Download or read book Mental Health in the Mexico Texas Border Region written by Reymundo Rodríguez and published by . This book was released on 1995 with total page 128 pages. Available in PDF, EPUB and Kindle. Book excerpt:

Book Social Justice in the U S  Mexico Border Region

Download or read book Social Justice in the U S Mexico Border Region written by Mark Lusk and published by Springer Science & Business Media. This book was released on 2012-06-12 with total page 286 pages. Available in PDF, EPUB and Kindle. Book excerpt: The U.S.-Mexico Border Region is among the poorest geographical areas in the United States. The region has been long characterized by dual development, poor infrastructure, weak schools, health disparities and low-wage employment. More recently, the region has been affected by the violence associated with a drug and crime war in Mexico.

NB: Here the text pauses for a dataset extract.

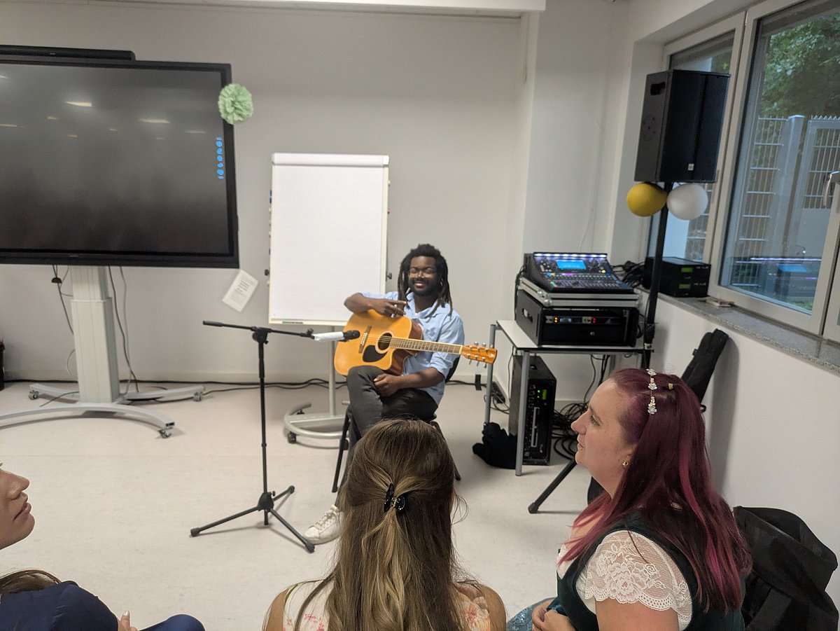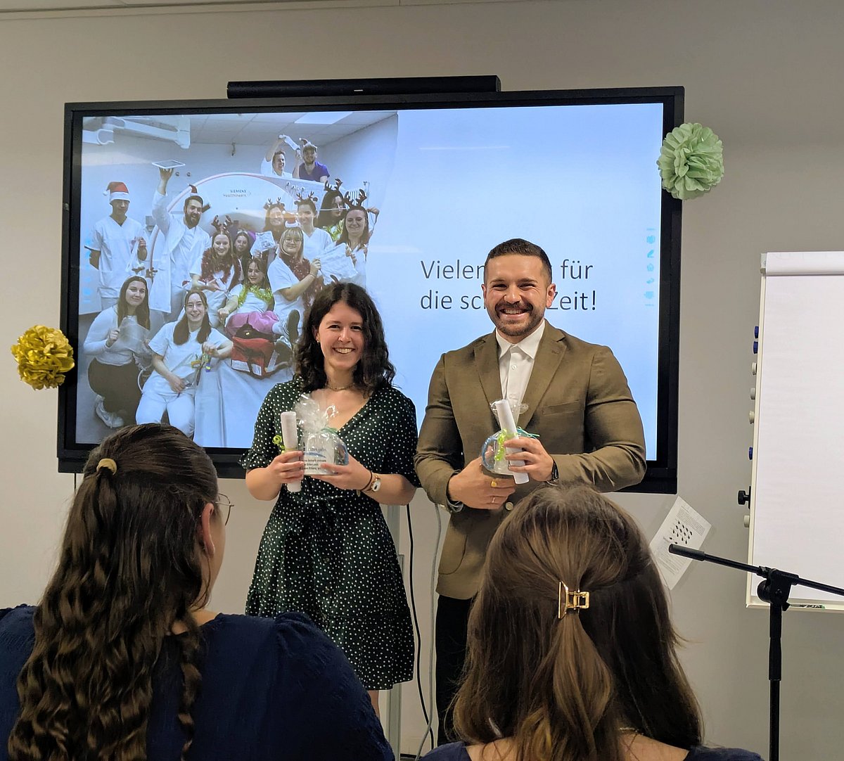 Im weiteren Verlauf ehrten die Klassenleitungen die Klassenbesten und Prüfungsbesten – ein besonderer Moment für alle, die mit herausragenden Leistungen glänzen konnten. Die festliche Zeugnisübergabe bildete einen emotionalen Höhepunkt des Tages. Musikalisch begleitet wurde die Feier stimmungsvoll von Fadel (Mittelkurs, Radiologie).

The premise of this book is that the U.S.-Mexico Border Region is subject to systematic oppression and that the so-called social pathologies that we see in the region are by-products of social and economic injustice in the form of labor exploitation, environmental racism, immigration militarism, institutional sexism and discrimination, health inequities, a political economy based on low-wage labor, and the globalization of labor and capital. The chapters address a variety of examples of injustice in the areas of environment, health disparity, migration unemployment, citizenship, women and gender violence, mental health, and drug violence. The book proposes a pathway to development.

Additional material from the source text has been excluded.